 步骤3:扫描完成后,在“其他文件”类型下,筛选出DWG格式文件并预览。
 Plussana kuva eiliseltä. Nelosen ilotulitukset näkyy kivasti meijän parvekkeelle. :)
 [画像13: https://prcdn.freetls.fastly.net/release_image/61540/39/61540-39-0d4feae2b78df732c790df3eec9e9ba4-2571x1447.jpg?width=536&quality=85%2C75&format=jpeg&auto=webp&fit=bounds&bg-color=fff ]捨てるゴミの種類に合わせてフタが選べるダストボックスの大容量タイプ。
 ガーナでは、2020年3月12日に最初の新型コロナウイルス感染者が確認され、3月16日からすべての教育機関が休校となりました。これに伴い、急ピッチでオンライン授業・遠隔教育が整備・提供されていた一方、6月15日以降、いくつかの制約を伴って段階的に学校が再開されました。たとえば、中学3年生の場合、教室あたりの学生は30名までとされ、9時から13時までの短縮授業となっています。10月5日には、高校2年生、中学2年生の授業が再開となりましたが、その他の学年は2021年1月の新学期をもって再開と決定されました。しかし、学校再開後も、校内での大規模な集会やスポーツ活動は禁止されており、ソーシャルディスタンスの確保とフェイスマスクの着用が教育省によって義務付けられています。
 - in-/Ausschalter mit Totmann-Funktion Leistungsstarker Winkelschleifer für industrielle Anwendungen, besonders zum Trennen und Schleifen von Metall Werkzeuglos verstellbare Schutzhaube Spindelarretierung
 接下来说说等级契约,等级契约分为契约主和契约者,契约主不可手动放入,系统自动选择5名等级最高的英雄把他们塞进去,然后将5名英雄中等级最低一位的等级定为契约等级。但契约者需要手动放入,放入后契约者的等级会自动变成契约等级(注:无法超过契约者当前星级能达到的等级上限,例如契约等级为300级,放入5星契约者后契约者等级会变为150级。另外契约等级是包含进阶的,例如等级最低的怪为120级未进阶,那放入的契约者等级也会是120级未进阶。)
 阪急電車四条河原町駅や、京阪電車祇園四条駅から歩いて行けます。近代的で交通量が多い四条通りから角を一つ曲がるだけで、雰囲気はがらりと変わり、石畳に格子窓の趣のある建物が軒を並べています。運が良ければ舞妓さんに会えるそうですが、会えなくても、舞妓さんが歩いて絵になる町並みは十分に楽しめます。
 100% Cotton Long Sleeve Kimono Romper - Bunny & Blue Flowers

● **Activity**: Starting at the line that contains "接下来说说等级契约,等级契约", retype every line through the end of the records exactly, and nothing else.

● **Written solution**:
 接下来说说等级契约,等级契约分为契约主和契约者,契约主不可手动放入,系统自动选择5名等级最高的英雄把他们塞进去,然后将5名英雄中等级最低一位的等级定为契约等级。但契约者需要手动放入,放入后契约者的等级会自动变成契约等级(注:无法超过契约者当前星级能达到的等级上限,例如契约等级为300级,放入5星契约者后契约者等级会变为150级。另外契约等级是包含进阶的,例如等级最低的怪为120级未进阶,那放入的契约者等级也会是120级未进阶。)
 阪急電車四条河原町駅や、京阪電車祇園四条駅から歩いて行けます。近代的で交通量が多い四条通りから角を一つ曲がるだけで、雰囲気はがらりと変わり、石畳に格子窓の趣のある建物が軒を並べています。運が良ければ舞妓さんに会えるそうですが、会えなくても、舞妓さんが歩いて絵になる町並みは十分に楽しめます。
 100% Cotton Long Sleeve Kimono Romper - Bunny & Blue Flowers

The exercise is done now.